Socio-economic and environmental implications

  • Household welfare: Lower electricity bills, increased energy access and livelihood opportunities from rooftop and village-scale projects.
  • Agrarian benefits: Reduced diesel use in irrigation, lower operating costs and improved cropping resilience under PM-KUSUM.
  • Employment: Manufacturing, construction and O&M create direct and indirect jobs across regions.
  • Emission reduction: Contribution to the 45% emissions-intensity target and lower local air pollution from reduced fossil generation.
  • International posture: Third-largest renewable capacity strengthens India’s negotiating position in multilateral climate processes and clean-energy partnerships.

Model Questions

  1. Analyse the drivers behind India meeting its initial Paris NDC ahead of schedule and assess the implications for the country’s energy security and global climate commitments. [GS-III: Environment & DM]
  2. Discuss capacity growth (283.46 GW, 55.3 GW annual addition), policy levers (PM Surya Ghar, PM-KUSUM), manufacturing expansion (~172 GW module capacity), and institutional mechanisms (DISCOMs, aggregation model). Evaluate implications for import reduction, energy supply diversity, emission-intensity targets, and India’s diplomatic leverage in climate negotiations. Conclude with near-term risks to sustaining the trajectory.

  3. Examine how PM Surya Ghar Muft Bijli Yojana democratizes access to clean energy and identify institutional mechanisms needed for effective implementation. [GS-II: Governance]
  4. Cover scheme design (₹75,021 crore, one crore households), subsidy tiers (₹30,000–78,000), government building solarisation and Model Solar Villages. Explain the role of Utility-Linked Aggregation, state DISCOMs for net metering, vendor coordination, payment processes and capacity-building.
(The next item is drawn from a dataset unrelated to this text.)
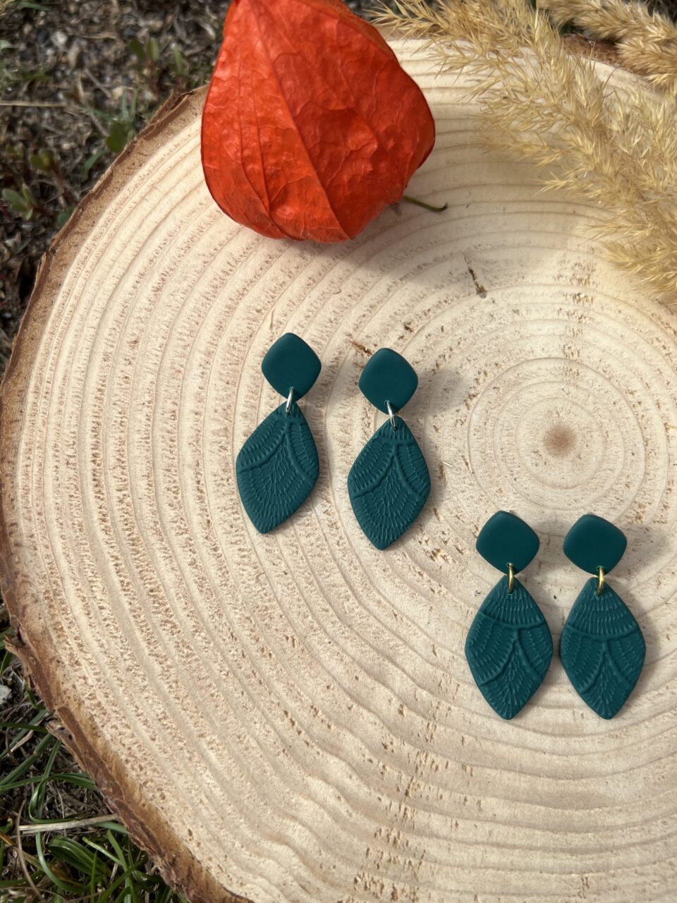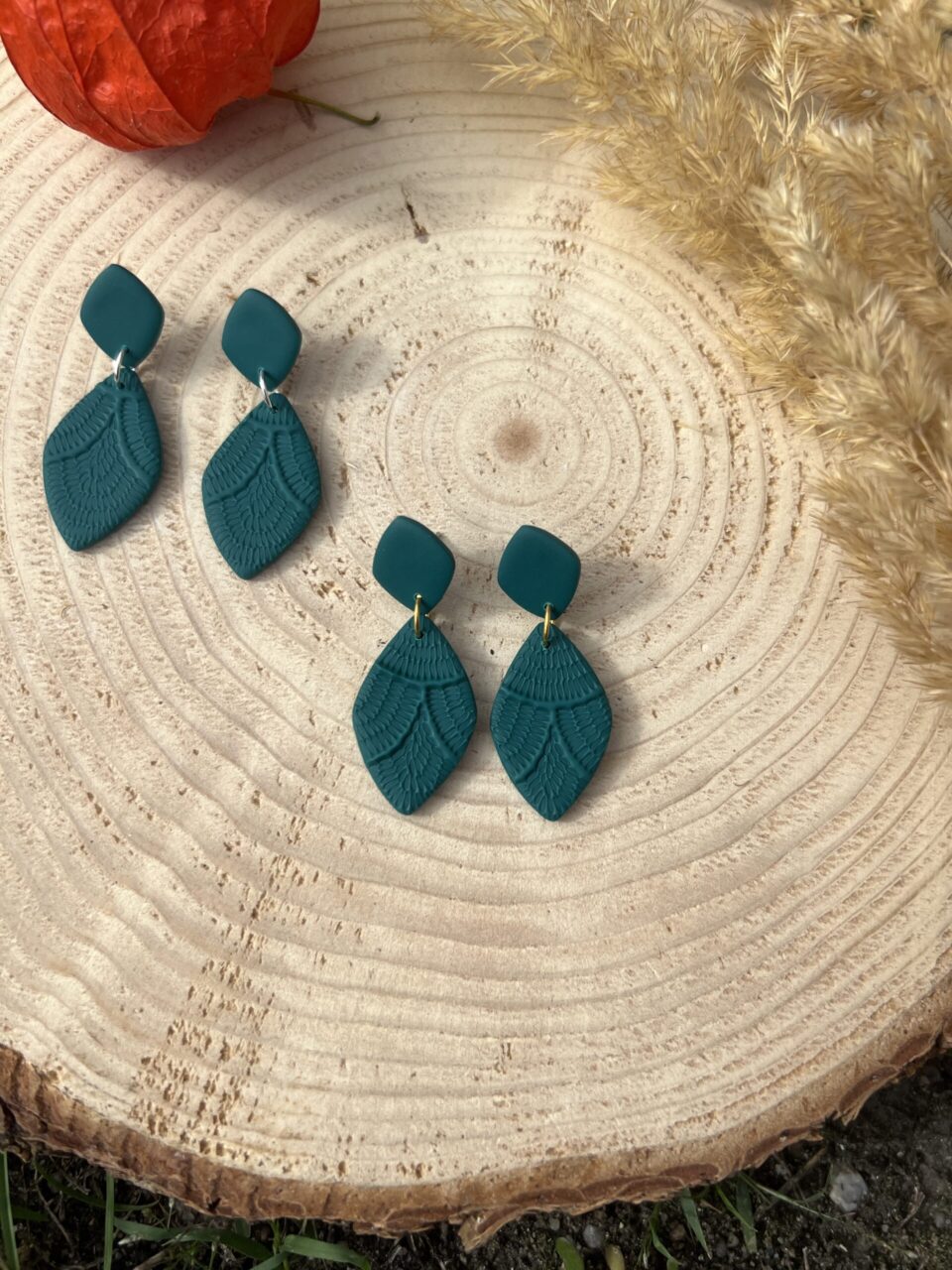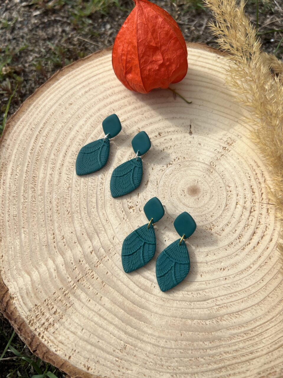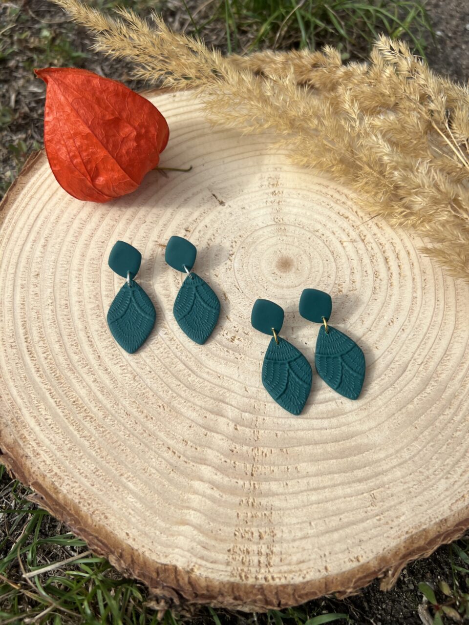 Ručně vyrobené polymerové náušnice.
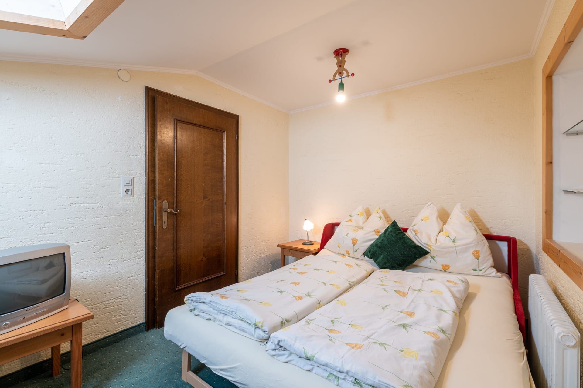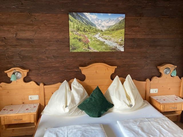 Im Pensionsgebäude befindet sich ein Hallenbad mit Sauna und auch die Gaststube mit Terrasse sind zur Benützung möglich.

Address monitoring, grievance redressal and fiscal safeguards to ensure equity and last-mile delivery.

  5. What are the major challenges to achieving 500 GW of non-fossil capacity by 2030 and suggest a comprehensive policy and operational roadmap to address them. [GS-III: Economic Development]
  6. Identify challenges: grid integration, storage needs, land acquisition, financing, DISCOM solvency, and supply-chain gaps. Propose measures: scale cell/wafer manufacturing, invest in transmission and storage, green bonds/blended finance, payment security for investors, standardised contracts, and skill development. Include performance metrics and phased regulatory reforms to de-risk investment and accelerate capacity additions.

  7. Discuss the role of State DISCOMs in India’s renewable energy expansion and the importance of federal cooperation for policy coherence. [GS-II: Governance]
  8. Explain DISCOMs’ functions as implementing/regulatory bodies for net metering, grid integration and aggregation. Analyse how DISCOM financial health, tariff design and state policies affect rollout. Recommend federal-state coordination on transmission planning, subsidy flows, payment security and uniform standards to harmonise implementation while preserving state-specific flexibility.